Le scorte sono estremamente rarefatte: sul grano e sul mais sono ormai ai minimi termini, ma entro la fine di agosto dovremmo avere i nuovi raccolti di tutti i cereali e di conseguenza vedere anche un calo dei costi. Il condizionale però è d'obbligo, perché se dovessero esserci problemi climatici saremmo di nuovo in guai seri: se nei principali Paesi produttori, come Stati Uniti, Canada, Francia e Russia, dovessero esserci siccità, piogge eccessive o incendi ne vedremmo delle belle. L'anno scorso il Canada ha perso il 50% della produzione di grano duro – impiegato nella filiera della pasta – a causa delle scarse precipitazioni. Insomma, siamo nelle mani del clima…
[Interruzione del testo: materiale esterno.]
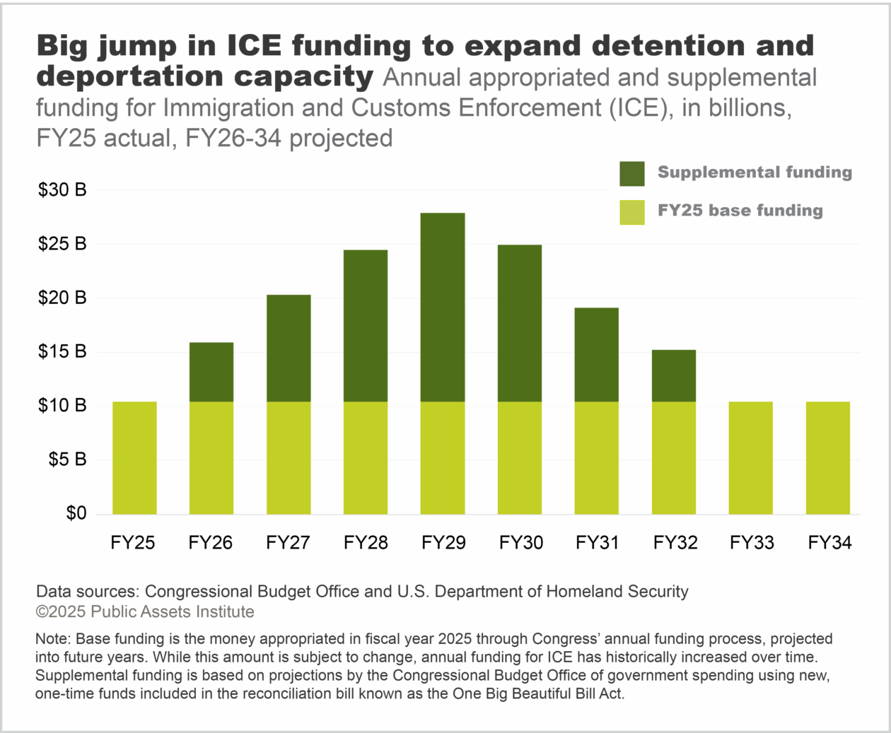 ICE received nearly $75 billion in supplemental funding, including $45 billion for constructing and expanding detention centers and nearly $30 billion for hiring 10,000 new employees—a boost of 50 percent compared to current staffing levels. This one-time funding is in addition to annual funds passed through the appropriations process; in Fiscal Year (FY) 2025, Congress appropriated over $10 billion in base funding for ICE. While this base amount could change in future years, it has historically increased over time. These combined investments are expected to double immigration detention capacity from more than 50,000 beds to over 100,000, including through the construction of new family detention facilities and “mega-facilities”.

Poi c'è il settore zootecnico…

Sì, anche quello è in grande difficoltà. Il costo dei mangimi è aumentato del 40/50%, tant'è vero che sono cresciuti i prezzi di carne, latte e formaggi. Nel settore dei suini e dei polli sono stati abbattuti molti capi di bestiame.

Torniamo alla guerra in Ucraina. Quanto pesano, per il settore agroalimentare, le sanzioni contro la Russia?
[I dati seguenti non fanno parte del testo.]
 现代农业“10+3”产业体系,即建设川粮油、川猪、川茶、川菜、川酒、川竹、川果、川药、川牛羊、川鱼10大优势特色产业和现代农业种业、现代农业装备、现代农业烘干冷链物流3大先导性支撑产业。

Queste sanzioni sono state giuste da un punto di vista politico, ma terribili per l’Occidente. Forse non c'era alternativa, ma a questo punto gli americani – che ci hanno spinto in quella direzione – devono aiutarci, perché a pagare il conto più pesante sono Paesi come l'Italia, la Germania e la Francia. Inoltre abbiamo bisogno di un'Europa che finalmente faccia mutualità, creando un debito comune per aiutare le milioni di persone che sono rimaste indietro e non hanno più capacità di spesa anche a causa delle sanzioni contro la Russia. La forbice tra ricchi e poveri si sta divaricando, e di questo problema devono farsi carico i tutti i Paesi europei, tutti insieme.